From mboxrd@z Thu Jan  1 00:00:00 1970
Return-Path: <SRS0=o+hd=CR=vger.kernel.org=linux-kernel-owner@kernel.org>
X-Spam-Checker-Version: SpamAssassin 3.4.0 (2014-02-07) on
	aws-us-west-2-korg-lkml-1.web.codeaurora.org
X-Spam-Level: 
X-Spam-Status: No, score=-12.8 required=3.0 tests=BAYES_00,
	HEADER_FROM_DIFFERENT_DOMAINS,INCLUDES_PATCH,MAILING_LIST_MULTI,SIGNED_OFF_BY,
	SPF_HELO_NONE,SPF_PASS,URIBL_BLOCKED,USER_AGENT_GIT autolearn=unavailable
	autolearn_force=no version=3.4.0
Received: from mail.kernel.org (mail.kernel.org [198.145.29.99])
	by smtp.lore.kernel.org (Postfix) with ESMTP id 0423BC2D0E0
	for <linux-kernel@archiver.kernel.org>; Tue,  8 Sep 2020 07:56:43 +0000 (UTC)
Received: from vger.kernel.org (vger.kernel.org [23.128.96.18])
	by mail.kernel.org (Postfix) with ESMTP id D587321D20
	for <linux-kernel@archiver.kernel.org>; Tue,  8 Sep 2020 07:56:42 +0000 (UTC)
Received: (majordomo@vger.kernel.org) by vger.kernel.org via listexpand
        id S1729846AbgIHH4k (ORCPT
        <rfc822;linux-kernel@archiver.kernel.org>);
        Tue, 8 Sep 2020 03:56:40 -0400
Received: from mx2.suse.de ([195.135.220.15]:53120 "EHLO mx2.suse.de"
        rhost-flags-OK-OK-OK-OK) by vger.kernel.org with ESMTP
        id S1729580AbgIHH4g (ORCPT <rfc822;linux-kernel@vger.kernel.org>);
        Tue, 8 Sep 2020 03:56:36 -0400
X-Virus-Scanned: by amavisd-new at test-mx.suse.de
Received: from relay2.suse.de (unknown [195.135.221.27])
        by mx2.suse.de (Postfix) with ESMTP id 909F3B6CE;
        Tue,  8 Sep 2020 07:56:35 +0000 (UTC)
From:   Oscar Salvador <osalvador@suse.de>
To:     akpm@linux-foundation.org
Cc:     naoya.horiguchi@nec.com, mhocko@kernel.org, tony.luck@intel.com,
        cai@lca.pw, linux-kernel@vger.kernel.org, linux-mm@kvack.org,
        Oscar Salvador <osalvador@suse.de>
Subject: [PATCH v2 1/5] mm,hwpoison: Take free pages off the buddy freelists
Date:   Tue,  8 Sep 2020 09:56:22 +0200
Message-Id: <20200908075626.11976-2-osalvador@suse.de>
X-Mailer: git-send-email 2.13.7
In-Reply-To: <20200908075626.11976-1-osalvador@suse.de>
References: <20200908075626.11976-1-osalvador@suse.de>
Sender: linux-kernel-owner@vger.kernel.org
Precedence: bulk
List-ID: <linux-kernel.vger.kernel.org>
X-Mailing-List: linux-kernel@vger.kernel.org

The crux of the matter is that historically we left poisoned pages
in the buddy system because we have some checks in place when
allocating a page that a gatekeeper for poisoned pages.
Unfortunately, we do have other users (e.g: compaction [1]) that scan
buddy freelists and try to get a page from there without checking
whether the page is HWPoison.

As I stated already, I think it is fundamentally wrong to keep
HWPoison pages within the buddy systems, checks in place or not.
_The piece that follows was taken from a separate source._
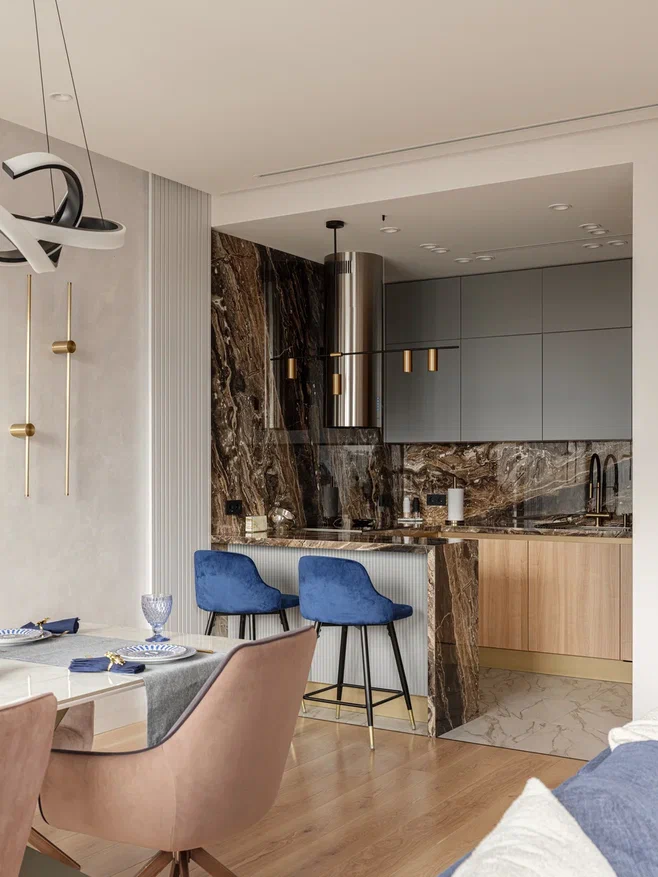 Кухня, разработанная для телеведущего Андрея Разыграева, стала просто кладезем полезных «фишек» и нестандартных решений. Использовали специальные механизмы и сделали небольшие отсеки для хранения.
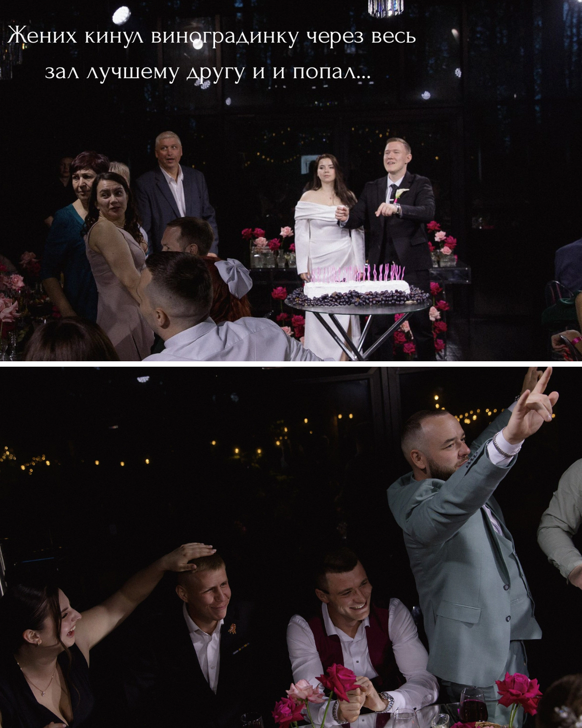 Классические свадебные элементы сочетались с неожиданными решениями: торжественные моменты соседствовали с мемами, рэп-музыкой (вход в зал под песню Алкоголь - Yanixа)

Let us fix this we same way we did for soft_offline [2], and take
the page off the buddy freelist, so it is completely unreachable.

Note that this is fairly simple to trigger, as we only need
to poison free buddy pages (madvise MADV_HWPOISON) and then we need
to run some sort of memory stress system.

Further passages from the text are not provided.